Compared with the prior art, the utility model, following advantage and beneficial effect have: the utility model provides a piling bin for placing vertical prefabricated component when can stacking the prefabricated component of multiple specification, can also reach the effect of stacking more stably according to the height of prefabricated component's altitude mixture control piling bin, protects the prefabricated component corner, avoids weak department cracked.

Drawings

Fig. 1 is a front view structure diagram of a piling bin for placing vertical prefabricated components.

Fig. 2 is a side view structure diagram of a piling bin for placing vertical prefabricated component.

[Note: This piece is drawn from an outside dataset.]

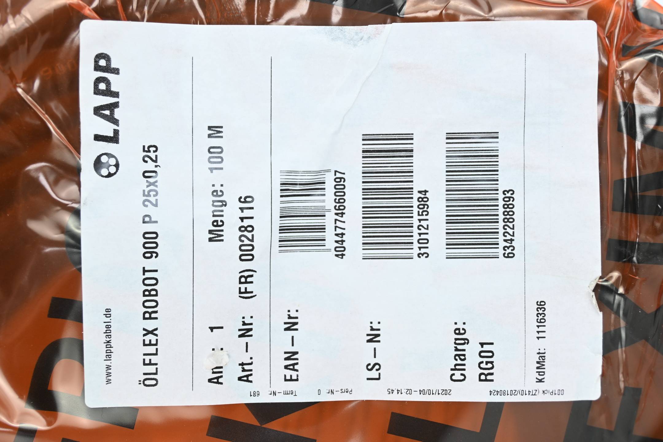 Lapp Kabel Roboterleitung ÖLFLEX ROBOT 900 P 25x0,25 ( 0028116 ) 100,0m

Fig. 3 is a schematic top view of a cross beam of a stacking rack for placing vertical prefabricated parts according to the present invention.

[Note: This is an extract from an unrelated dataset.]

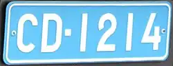 A diplomatic number plate has a blue background and white reflective lettering. The letters are either "C" or "CD", for French Corps Diplomatique. CD plates are with maximum of four numbers and C maximum of five numbers.

Fig. 4 is a schematic structural view of a transverse support rod of a stacking rack for placing vertical prefabricated parts according to the present invention.

The explanation of each reference number in the figure is: 1-main frame body, 2-cross beam, 3-sliding rod, 4-vertical supporting rod, 5-bolt, 6-main rod, 7-auxiliary rod, 8-extension rod, 9-hook, 10-lifting lug, 11-transverse supporting rod and 12-protection pad.

Detailed Description

The technical solutions in the embodiments of the present invention will be clearly and completely described below with reference to the drawings in the embodiments of the present invention, so as to further understand the concept, the technical problems to be solved, the technical features constituting the technical solutions, and the technical effects brought by the technical solutions of the present invention.

It should be understood that the description of these embodiments is illustrative and not restrictive in any way, and that the embodiments described are only some but not all embodiments of the invention. The components of embodiments of the present invention, as generally described and illustrated in the figures herein, may be arranged and designed in a wide variety of different configurations. Thus, the following detailed description of the embodiments of the present invention, provided in the accompanying drawings, is not intended to limit the scope of the invention, as claimed, but is merely representative of preferred embodiments of the invention. Based on the embodiments of the present invention, all other embodiments obtained by a person skilled in the art without creative efforts belong to the protection scope of the present invention.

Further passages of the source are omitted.